Launched on March 11, NASA’s SPHEREx space observatory has spent the last six weeks undergoing checkouts, calibrations, and other activities to ensure it is working as it should. Now it’s mapping the entire sky — not just a large part of it — to chart the positions of hundreds of millions of galaxies in 3D to answer some big questions about the universe. On May 1, the spacecraft began regular science operations, which consist of taking about 3,600 images per day for the next two years to provide new insights about the origins of the universe, galaxies, and the ingredients for life in the Milky Way.
This video shows SPHEREx’s field of view as it scans across one section of sky inside the Large Magellanic Cloud, with rainbow colors representing the infrared wavelengths the telescope’s detectors see.

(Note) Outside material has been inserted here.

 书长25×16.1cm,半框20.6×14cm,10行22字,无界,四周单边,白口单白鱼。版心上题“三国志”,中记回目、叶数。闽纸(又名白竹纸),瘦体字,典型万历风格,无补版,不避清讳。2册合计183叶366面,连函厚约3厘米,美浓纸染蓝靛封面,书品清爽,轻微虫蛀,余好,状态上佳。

The view from one detector array moves from purple to green, followed by the second array’s view, which changes from yellow to red. The images are looped four times. NASA/JPL-Caltech “Thanks to the hard work of teams across NASA, industry, and academia that built this mission, SPHEREx is operating just as we’d expected and will produce maps of the full sky unlike any we’ve had before,” said Shawn Domagal-Goldman, acting director of the Astrophysics Division at NASA Headquarters in Washington. “This new observatory is adding to the suite of space-based astrophysics survey missions leading up to the launch of NASA’s Nancy Grace Roman Space Telescope. Together with these other missions, SPHEREx will play a key role in answering the big questions about the universe we tackle at NASA every day.”
From its perch in Earth orbit, SPHEREx peers into the darkness, pointing away from the planet and the Sun. The observatory will complete more than 11,000 orbits over its 25 months of planned survey operations, circling Earth about 14½ times a day. It orbits Earth from north to south, passing over the poles, and each day it takes images along one circular strip of the sky. As the days pass and the planet moves around the Sun, SPHEREx’s field of view shifts as well so that after six months, the observatory will have looked out into space in every direction.

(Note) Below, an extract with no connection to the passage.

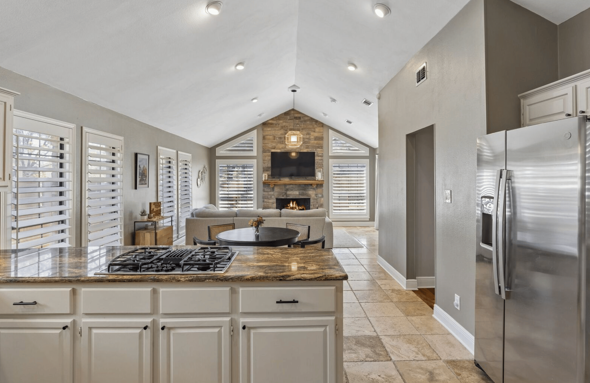 High ceilings and natural light open up the interior, while skylights and a central fireplace add warmth and character throughout the day, creating an overall flow that feels easy and intuitive.

When SPHEREx takes a picture of the sky, the light is sent to six detectors that each produces a unique image capturing different wavelengths of light. These groups of six images are called an exposure, and SPHEREx takes about 600 exposures per day. When it’s done with one exposure, the whole observatory shifts position — the mirrors and detectors don’t move as they do on some other telescopes. Rather than using thrusters, SPHEREx relies on a system of reaction wheels, which spin inside the spacecraft to control its orientation.
Hundreds of thousands of SPHEREx’s images will be digitally woven together to create four all-sky maps in two years. By mapping the entire sky, the mission will provide new insights about what happened in the first fraction of a second after the big bang. In that brief instant, an event called cosmic inflation caused the universe to expand a trillion-trillionfold.
“We’re going to study what happened on the smallest size scales in the universe’s earliest moments by looking at the modern universe on the largest scales,” said Jim Fanson, the mission’s project manager at NASA’s Jet Propulsion Laboratory in Southern California. “I think there’s a poetic arc to that.”
Cosmic inflation subtly influenced the distribution of matter in the universe, and clues about how such an event could happen are written into the positions of galaxies across the universe. When cosmic inflation began, the universe was smaller than the size of an atom, but the properties of that early universe were stretched out and influence what we see today. No other known event or process involves the amount of energy that would have been required to drive cosmic inflation, so studying it presents a unique opportunity to understand more deeply how our universe works.
“Some of us have been working toward this goal for 12 years,” said Jamie Bock, the mission’s principal investigator at Caltech and JPL. “The performance of the instrument is as good as we hoped. That means we’re going to be able to do all the amazing science we planned on and perhaps even get some unexpected discoveries.”
Color Field
The SPHEREx observatory won’t be the first to map the entire sky, but it will be the first to do so in so many colors. It observes 102 wavelengths, or colors, of infrared light, which are undetectable to the human eye. Through a technique called spectroscopy, the telescope separates the light into wavelengths — much like a prism creates a rainbow from sunlight — revealing all kinds of information about cosmic sources.
For example, spectroscopy can be harnessed to determine the distance to a faraway galaxy, information that can be used to turn a 2D map of those galaxies into a 3D one. The technique will also enable the mission to measure the collective glow from all the galaxies that ever existed and see how that glow has changed over cosmic time.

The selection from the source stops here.